What to do: A picture should never appear in your copy. Transcribe the listing exactly from its first line through the line with "Niebieskie, bawełniane klapki", both ends included.

Segment Start: Records

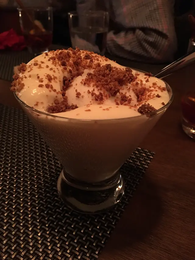 Catalan  cream  foam  with  cinnamon  crumble  be  lemon  sorbet
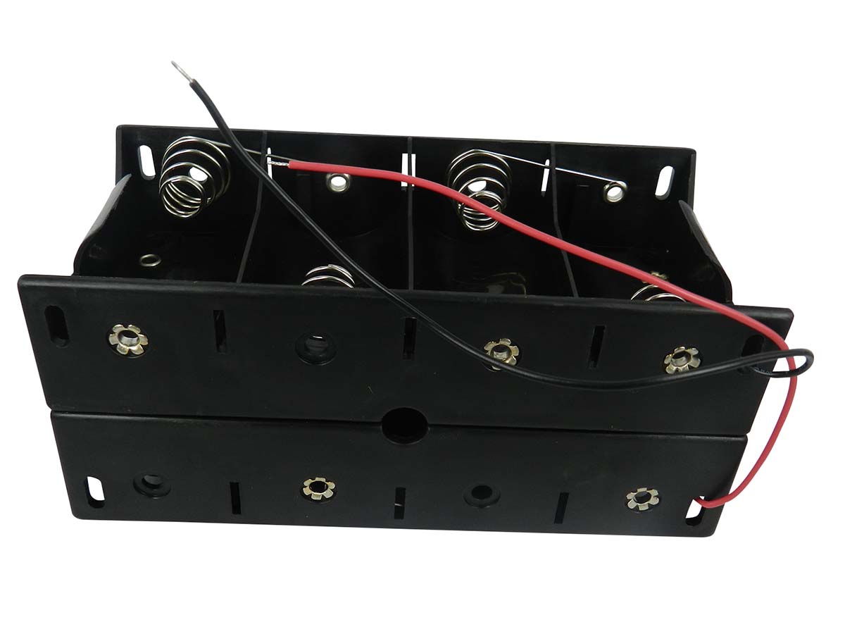This is D Battery Holder manufactured by RS PRO. The manufacturer part number is 185-4681. Additionally, it has 34.2mm maximum cell diameter . The given dimensions of the product include 142 x 73 x 62mm. The product has a wire lead mount . It is comprised of 8 cells. The product's body is nicely designed from pp materials. Its terminal contact is made up of nickel plated spring steel material . The terminal contact is kind of coil spring. It is designed for d size battery . It comes in battery holder configuration.
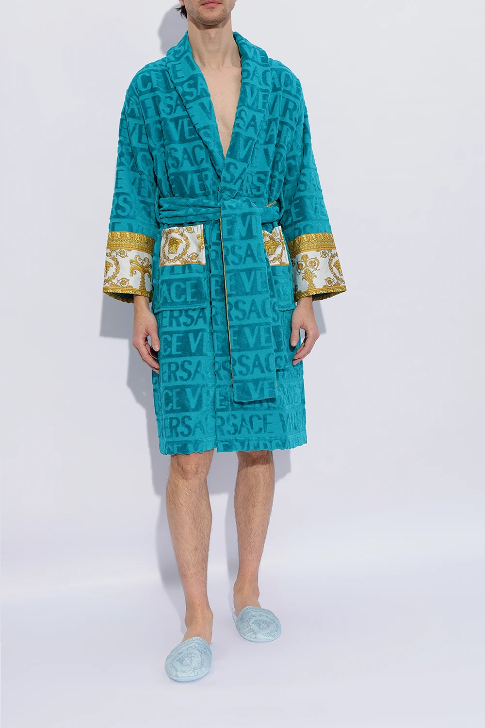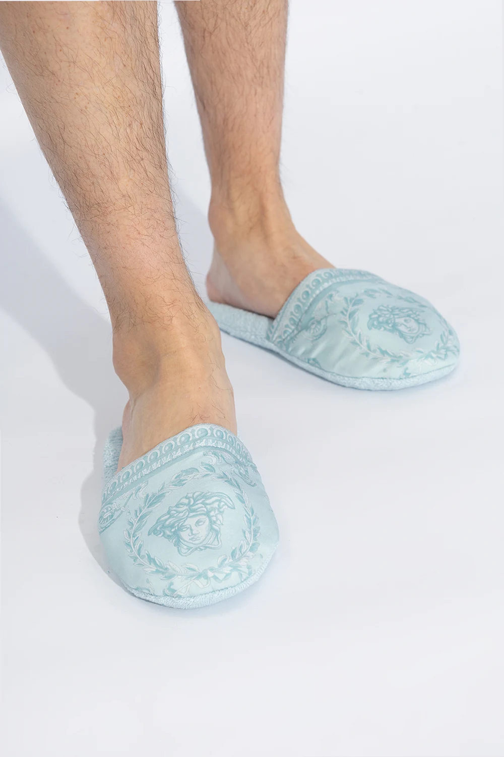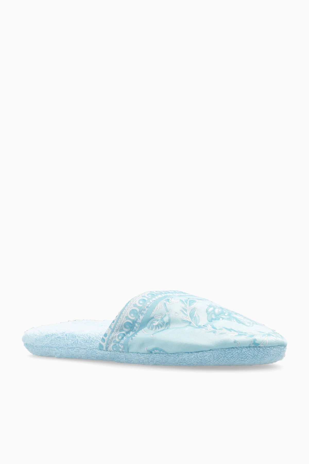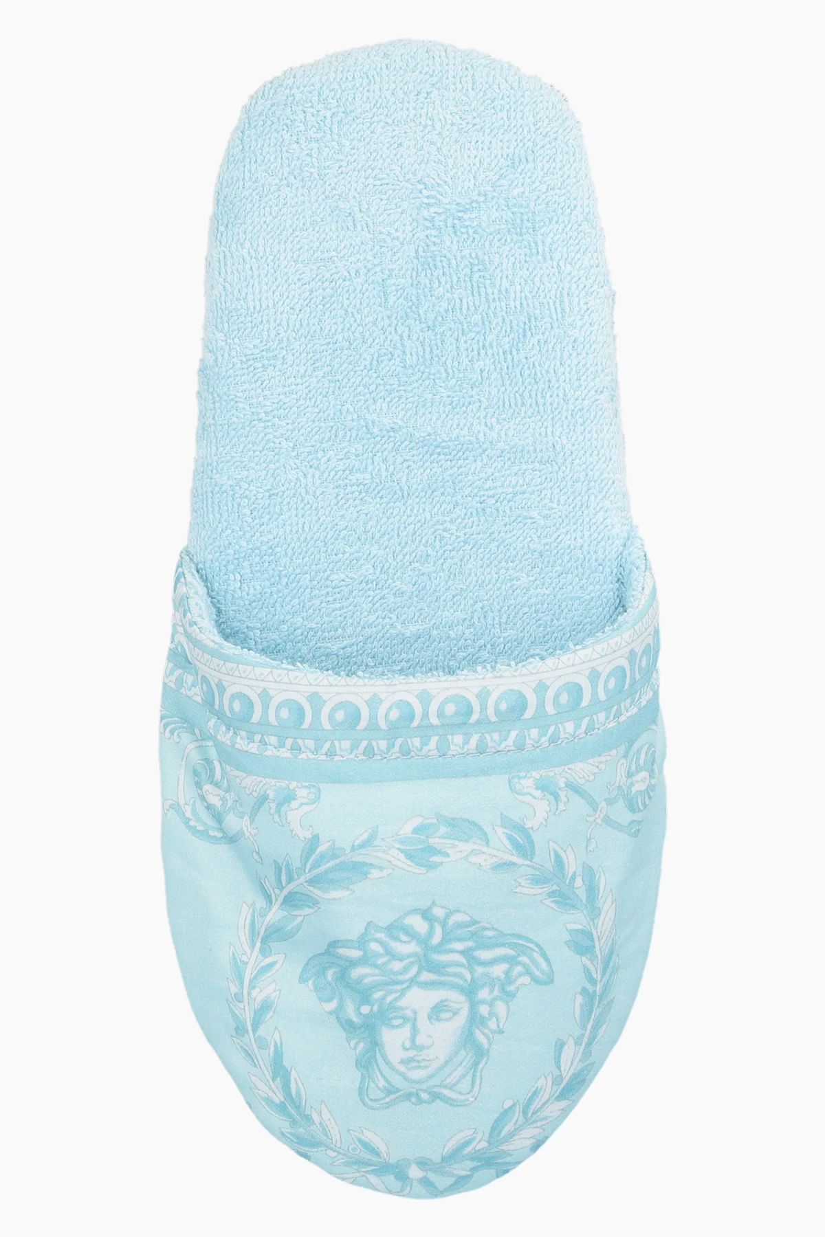 Niebieskie, bawełniane klapki Versace Home. Ozdobione wzorem ‘I Baroque’.
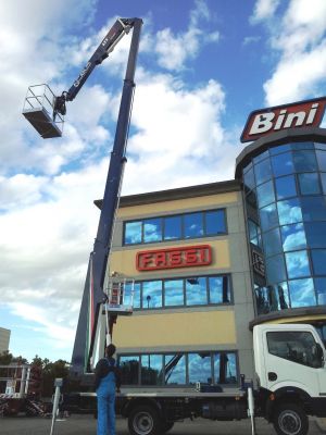- Piattaforma aerea CELA DT 21 ITALY con doppio braccio telescopico, altezza massima di lavoro mt. 21,00, sbraccio massimo mt. 9,50 con traverse estese. Comandi elettroidraulici proporzionali compensati con flow sharing, pompa d'emergenza manuale, rotazione torretta continua. Cestello standard di dimensioni 1400 x 700 x 1100 mm., presa 230 V., rotazione cestello 90°+90°, comandi a controllo elettronico, piano di calpestio in lamiera antisdrucciolevole, comando in cesto per avvisatore acustico e avvio e spegnimento motore autocarro.Teleassistenza con modem GSM,stabilizzazione automatica, Pianale con sponde in alluminio opzionale. Possibilità della versione DT24 (24 metri) Info e schede tecniche sul sito http://www.binigru.it
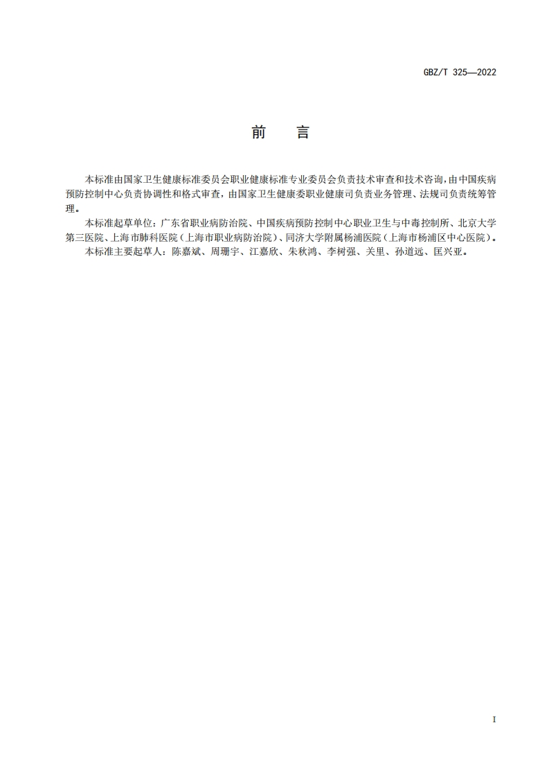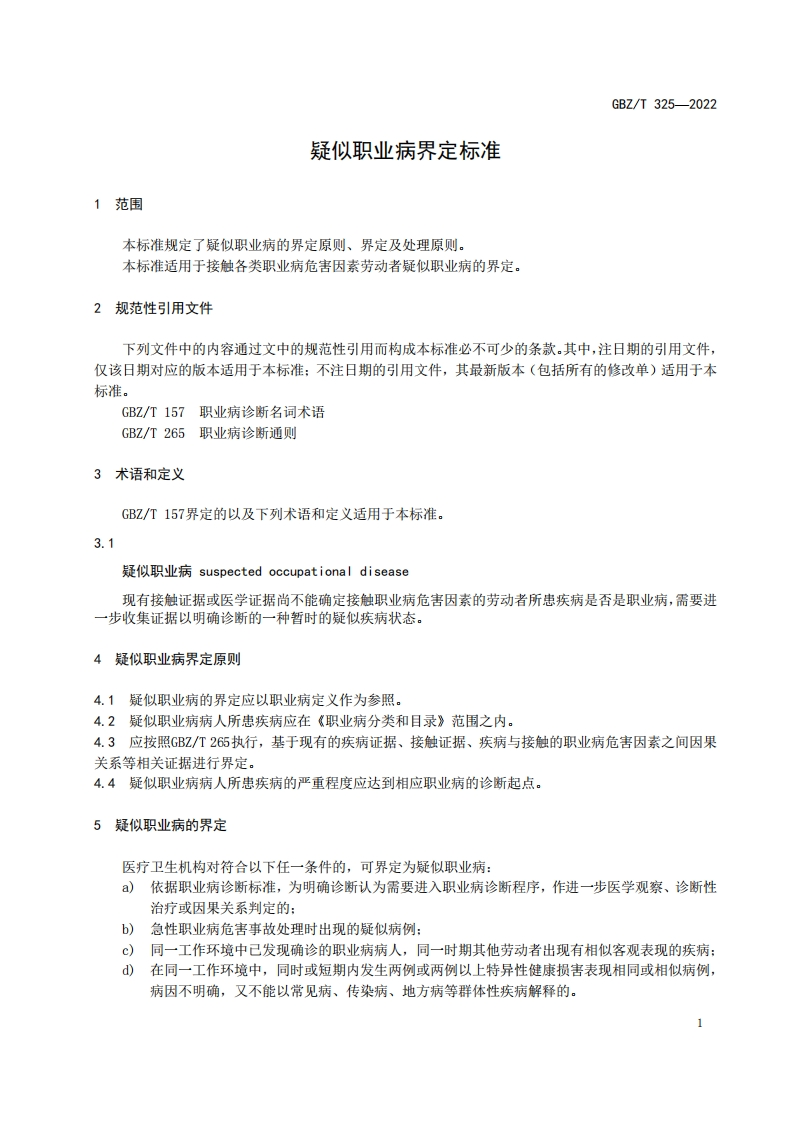 疑似职业病界定标准Identificationstandardforsuspectedoccupationaldisease348072@abc4天前发布关注私信0.23MB6页028疑似职业病界定标准Identificationstandardforsuspectedoccupationaldisease此内容为付费资源,请付费后查看¥13¥19黄金会员免费钻石会员免费立即购买您当前未登录!建议登陆后购买,可保存购买订单付费资源 第1页 / 共6页 第2页 / 共6页 第3页 / 共6页 第4页 / 共6页 第5页 / 共6页 试读已结束,还剩1页,您可下载完整版后进行离线阅读 THE END标准规范 文本预览 1CS13.100CCS C 60GEZ中华人民共和国国家职业卫生标准GBZT325-2022疑似职业病界定标准Identification standard for suspected occupational disease2022-03-16发布2022-09-01实施中华人民共和国国家卫生健康委员会发布 查看更多 收起部分 喜欢就支持一下吧收藏
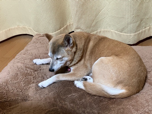 ヒバ子さん、寝る前のルーティン⁈ で、睡魔と戦っておりました😴
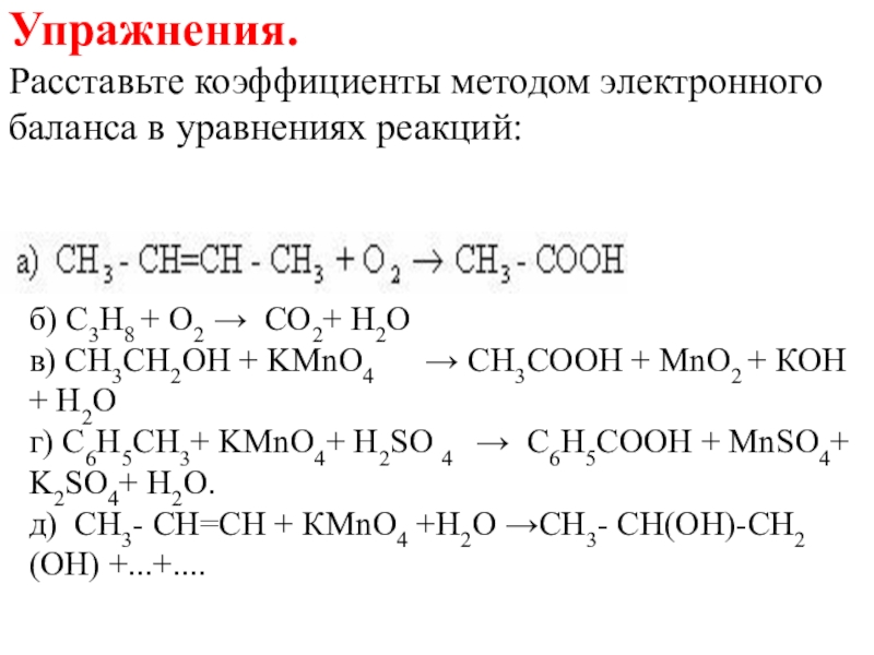 д) СН3- СН=СН + КМnО4 +Н2О →СН3- СН(ОН)-СН2 (ОН) +...+....
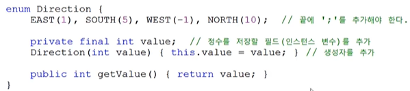 - 열거형의 생성자는 묵시적으로 private이므로, 외부에서 객체생성 불가
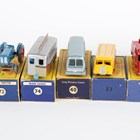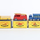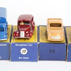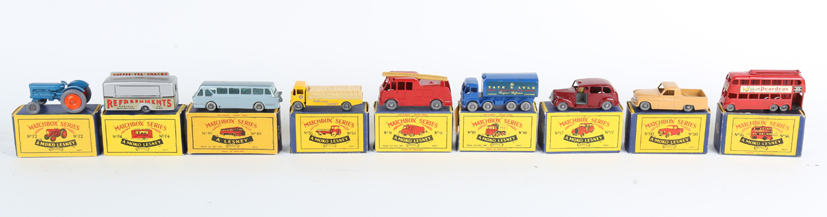 Eight Matchbox Series Moko Lesney regular wheels vehicles, comprising No. 9C Merryweather Marquis fire engine, No. 10C Foden 8-wheel sugar container, No. 17c Austin Taxi, No. 50A Commer pick-up, No. 51A Albion Chieftain 'Portland Cement', No. 56A London trolley bus, No. 72A Fordson Major tractor and No. 74A mobile canteen, together with a Matchbox Series Lesney No. 40 Leyland Tiger Coach, all boxed (some minor paint chips, boxes lightly creased and scuffed, No. 10C box also torn).
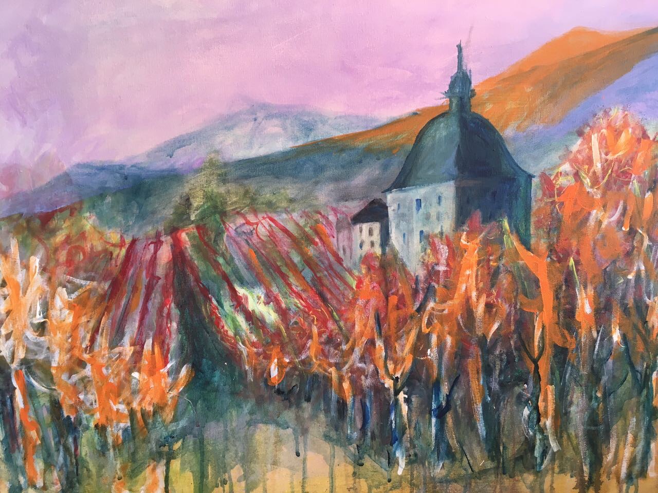 click on image to zoom "Großer Weinberg", acrylic on canvas, 130 x 140 cm, available "Roter Hang", oil on canvas, 88 x 88 cm, available "Church at the river Rhein", acrylic on canvas, 60 x 80 cm "Burg Rheinfels", acrylic on canvas, 130 x 110 cm, available "Castle Vollrads in autumn", acrylic on canvas, 60 x 80 cm "Russische Kapelle" (rusian chapel), acrylic on canvas, 80 x 60 cm "Rochuskapelle", acrylic on canvas, 65 x 81 cm Greek island, water colors, sold "Neptun", Acrylic on canvas, oil and acrylic colors on canvas, 125 x 100 cm, available "Sonnenuntergang"(sun set), water color on paper, 47 x 62, sold "aufgewühlt"(agitated), water colors on paper, 47 x 62 cm "Große Welle" (big wave), acrylic on canvas, 230 x 140 cm, 4 panels
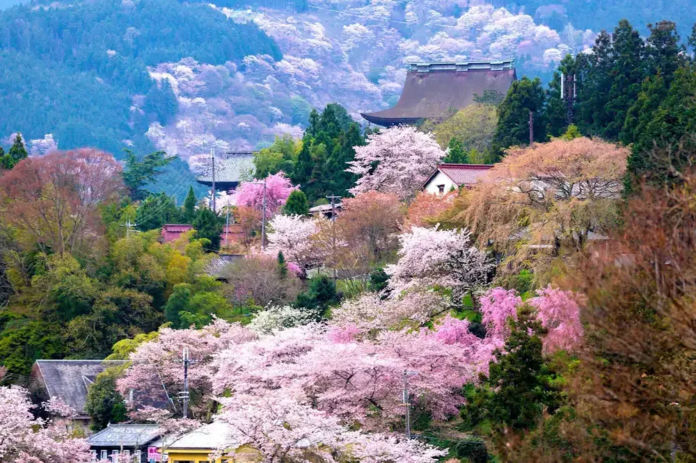 Mount Yoshino in Nara is one of Japan’s most legendary sakura destinations, with over 30,000 trees layered across mountain slopes. Visually dramatic. Historically import
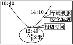 2、单选题 2011年12月22日,我国某中学地理小组进行太阳高度和当地经纬度观测。操作方法是:在操场上选择一点A处,垂直立起一根竹竿(竿长2米),画一个半径为2米的圆圈,将观测到的竿端点在地面所投影的变化记录在操场平地上。下图为“竿端投影变化图(均为北京时间)”,据此回答下列问题。
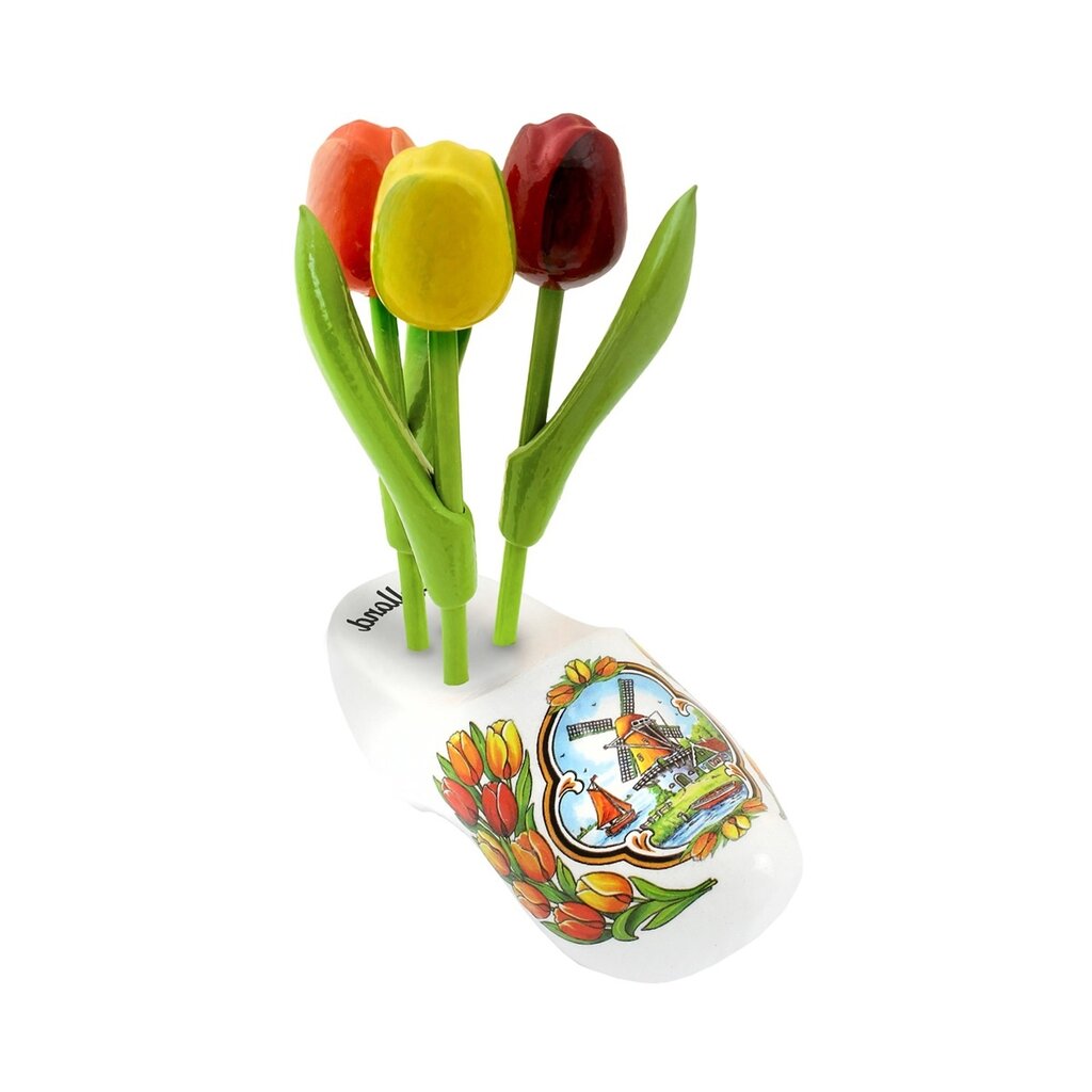 Bringen Sie mit diesen hölzernen Tulpen auf einem weißen Clog einen Hauch niederländischer Gemütlichkeit in Ihr Zuhause. Bestellen Sie dieses einzigartige Souvenir noch heute und überraschen Sie sich selbst oder jemand anderen mit einem Stück niederländischer Tradition!
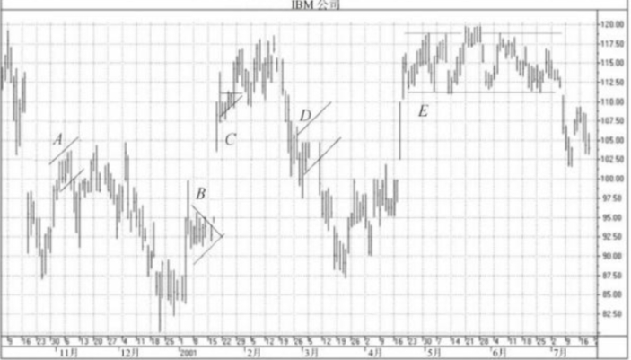 不同的股票在一段时间内呈现相似的形态。如果你发现了率先引领 行情的股票的走势,你可从随后跟进的股票当中寻找近似的形态。我的 -位朋友给我打电话,告诉我一些她喜欢的股票并咨询我的建议,她把 我的注意力引向GX公司的股票。 我发现:这只股票的价格形态与CSC0 股票的形态非常相似,于是我便来了兴致。
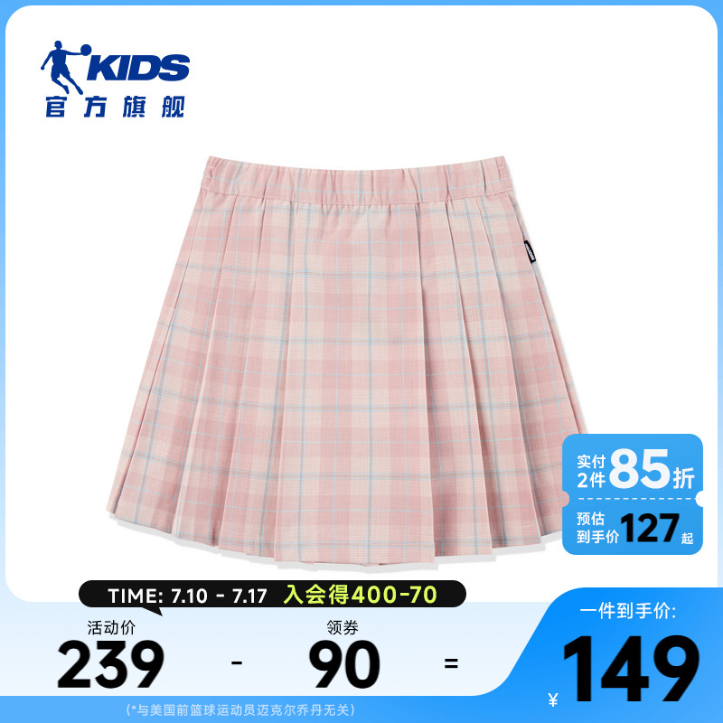 商場同款喬丹童裝女童百褶裙2025夏季新款大童格子半身裙T9525313

Segment End: Records

Result below:
 Catalan  cream  foam  with  cinnamon  crumble  be  lemon  sorbet
This is D Battery Holder manufactured by RS PRO. The manufacturer part number is 185-4681. Additionally, it has 34.2mm maximum cell diameter . The given dimensions of the product include 142 x 73 x 62mm. The product has a wire lead mount . It is comprised of 8 cells. The product's body is nicely designed from pp materials. Its terminal contact is made up of nickel plated spring steel material . The terminal contact is kind of coil spring. It is designed for d size battery . It comes in battery holder configuration.
 Niebieskie, bawełniane klapki Versace Home. Ozdobione wzorem ‘I Baroque’.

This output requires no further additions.